Риг сморкнулся кровью и вытер ладонь о стекло, поймав в ладонь пару мелких осколков. Поднялся на ноги.
Не думать во время боя, сосредоточится только на нем — явно проигрышная стратегия, Стрик только что показал это наглядно. Давать разуму слишком много воли — и он будет уходить в сторону, отвлекаться. Думать о бое, сосредоточится.
Щит и топор остались лежать возле стены, за Стриком. Тот и без оружия представлял угрозу, а сейчас преимущество было на его стороне — нож был всё ещё при нём. И у него не разбит нос, не рассечена бровь, и это не учитывая ещё широкий порез на предплечье и мелкие по всей голове. Для начала нужно подравнять шансы.

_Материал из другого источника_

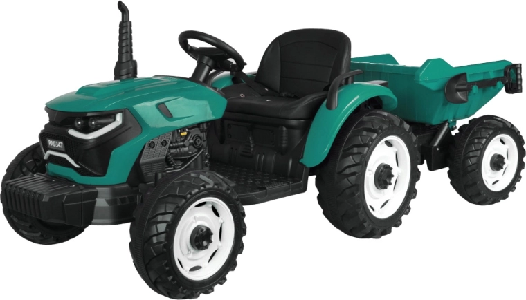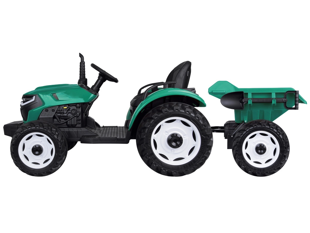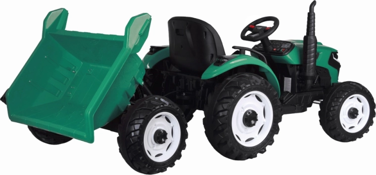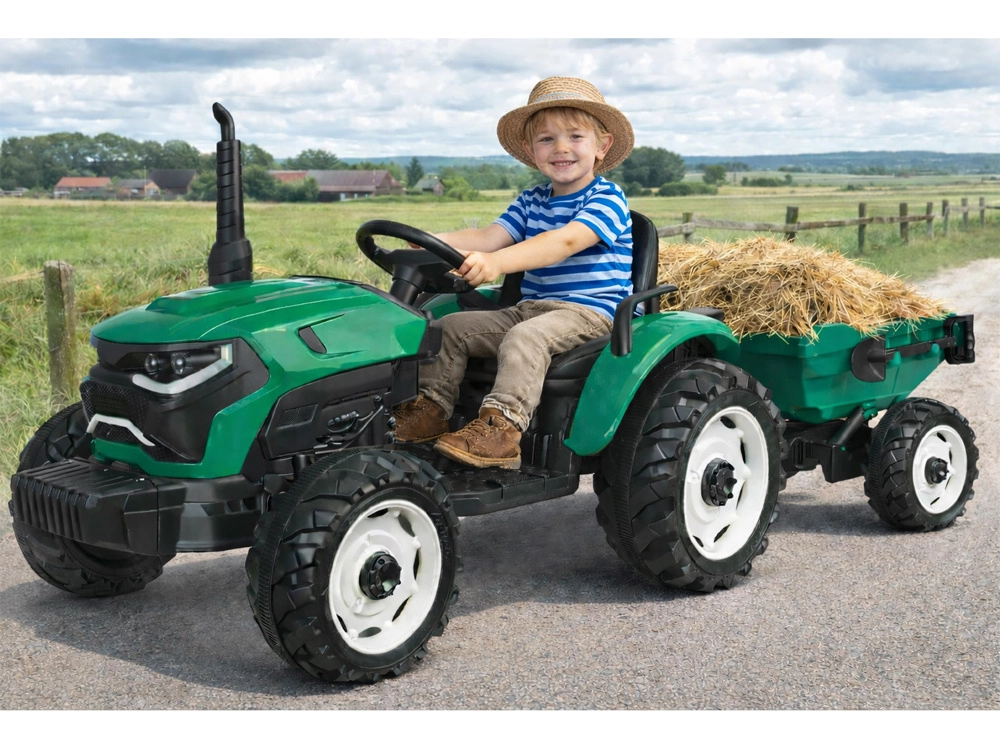 Solidny dziecięcy traktor na akumulator z przyczepą i automatyczną wywrotką zapewnia godziny zabawy w ogrodzie. Dzięki mocnemu napędowi 24V, zdalnemu sterowaniu dla rodziców, efektom świetlnym i dźwiękowym oraz panelowi z USB jazda jest bezpieczna, wygodna i maksymalnie realistyczna.
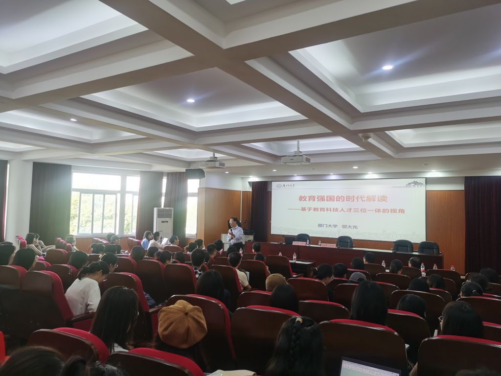 举办名家讲坛第366讲,邀请厦门大学邬大光教授作主题为“教育强国的时代解读——基于教育人才科技三位一体的视角”的专题报告,院长张宝歌教授主持讲座并代表学院向邬教授的到来表示热烈欢迎,天美传媒
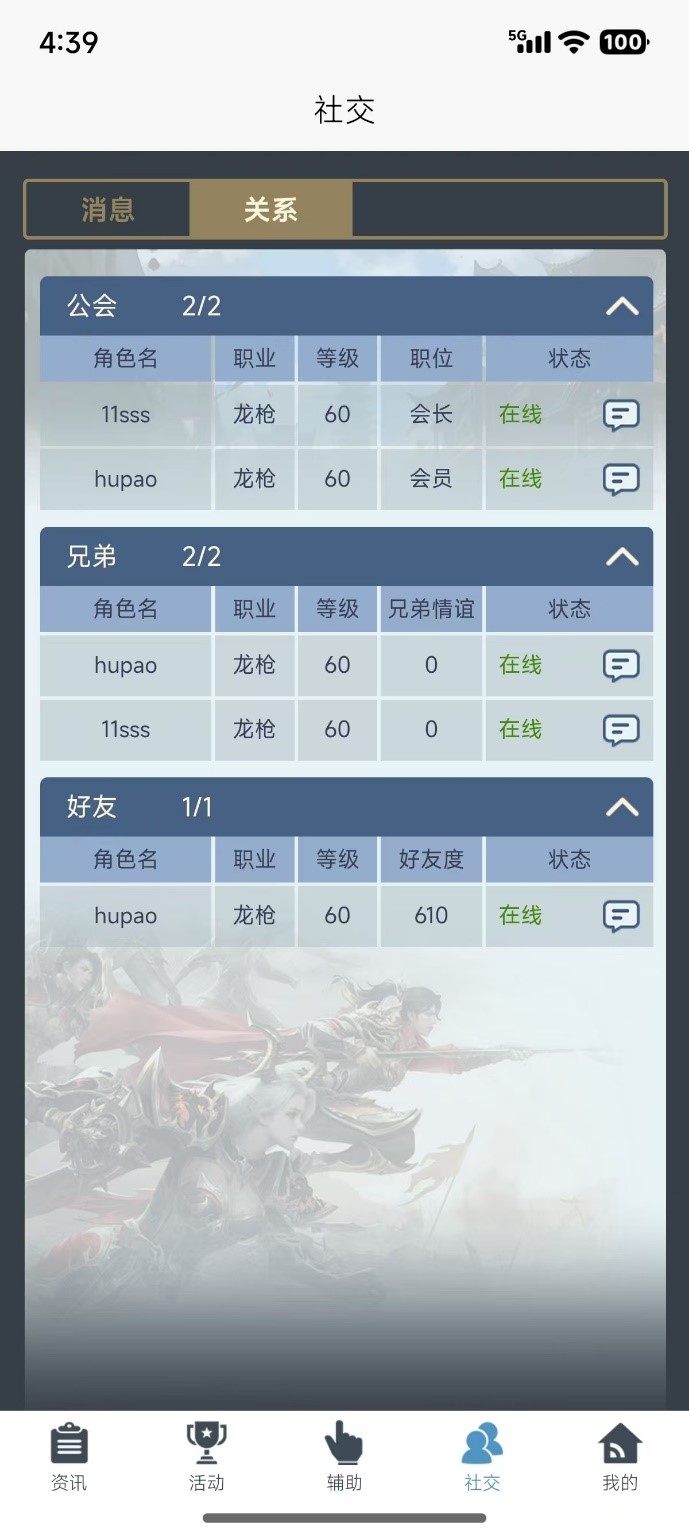 【社交页签】 社交页内包含消息和关系两个功能页,绑定在线角色可以与玩家沟通交流,可以查看自己的公会、兄弟和好友在线情况。
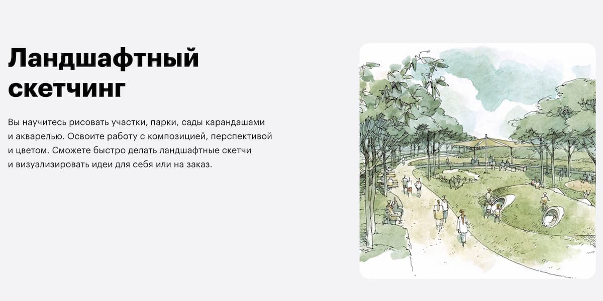 За два месяца вы научитесь рисовать растения, деревья, сады и парки акварелью и карандашами. Вы узнаете, как строить композицию участка и стилизовать объекты, сможете находить точные ракурсы, чтобы показать участок с разных сторон, а также научитесь быстро зарисовывать основные постройки и озеленение
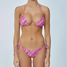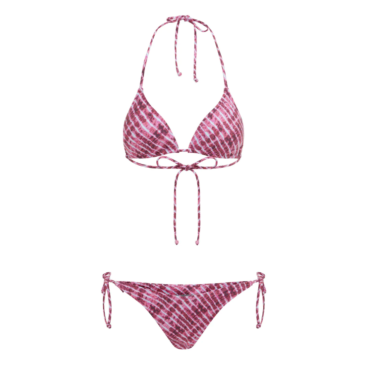 - This string-style bikini offers a minimal amount of coverage with super flattering seamless construction. Featured in our latest tie-dye print, Juicy, a captivating symphony of purple and pink hues.
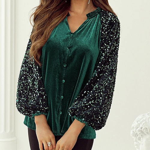 Per donna Velluto Elegant Elegante Blusa Semplice Elegante Manica Lunga Scollo a V Top Regolari Quotidiano Ferie Uscire Paillettes Arricciato Volant Vino Verde Primavera Autunno
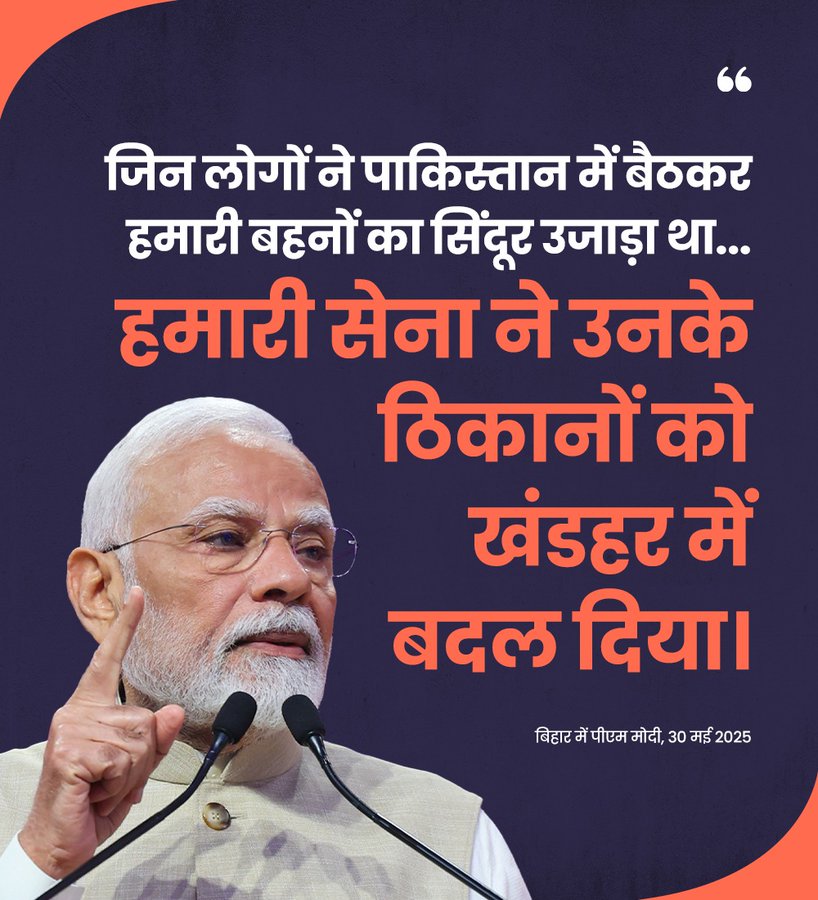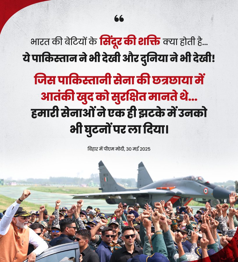 उन्होंने कहा कि आज, जब मैं एक बार फिर से बिहार में आया हूं, तो उस प्रतिज्ञा को पूरा कर चुका हूं। श्री मोदी ने कहा, “जिन लोगों ने पाकिस्तान में बैठकर हमारी बहनों का सिंदूर उजाड़ा था, हमारी सेना ने उनके ठिकानों को खंडहर में बदल दिया।” उन्होंने कहा, भारत की बेटियों के सिंदूर की शक्ति क्या होती है, यह पाकिस्तान ने भी देखी और दुनिया ने भी देखी।” उन्होंने कहा कि जो आतंकवादी कभी पाकिस्तानी सेना के संरक्षण में खुद को सुरक्षित महसूस करते थे, उन्हें भारत की सेना ने एक ही निर्णायक कार्रवाई में घुटने टेकने पर मजबूर कर दिया है। श्री मोदी ने इस बात पर जोर दिया कि पाकिस्तान के एयरबेस और सैन्य प्रतिष्ठान मिनटों में नष्ट कर दिए गए। उन्होंने कहा, “यह नया भारत है – अपार शक्ति और गतिशीलता वाला भारत”।

Правой рукой Риг схватил осколок побольше, с длинной острой гранью, а во вторую набрал горсть осколков поменьше, часть из которых уже была отмечена его кровью. Даже тренированный человек закроет глаза, если в него неожиданно полетит что-то — природный инстинкт для защиты глаз, на этом его изначально Стрик и подловил. Разумно использовать эту же уловку.
Что ещё?
Само стекло скользкое, особенно для обуви, тут у босоного бродяги преимущество. Но там, где стекло было залито кровью, трения ещё меньше, оно становится ещё опаснее, и если заманить туда Стрика, он может растеряется на мгновение, потеряв твёрдую опору.
Что ещё?
Каблуком своего сапога Риг ударил по земле — стекло послушно пошло трещинами. Ударил ещё раз, и ещё — выбил несколько осколков, крупных и мелких. Что хорошо — больше осколков на земле, меньше пространства для манёвра у человека без обуви. Поначалу это мало что даст, но если бой затянется, то выгода будет невероятна, вплоть до возможности создать для себя эдакие островки безопасности.
Что ещё?
— Дурак, — сказал Стрик.
Убрал нож, повернулся к Ригу спиной и просто пошёл к главному входу дворца. Сам Риг же сначала осторожно, опасаясь неизвестной уловки, приблизился к своему оружию, поднял топор и щит, а потом вновь взглянул на удаляющуюся спину бродяги. Тот даже не обернулся, был уже на полпути.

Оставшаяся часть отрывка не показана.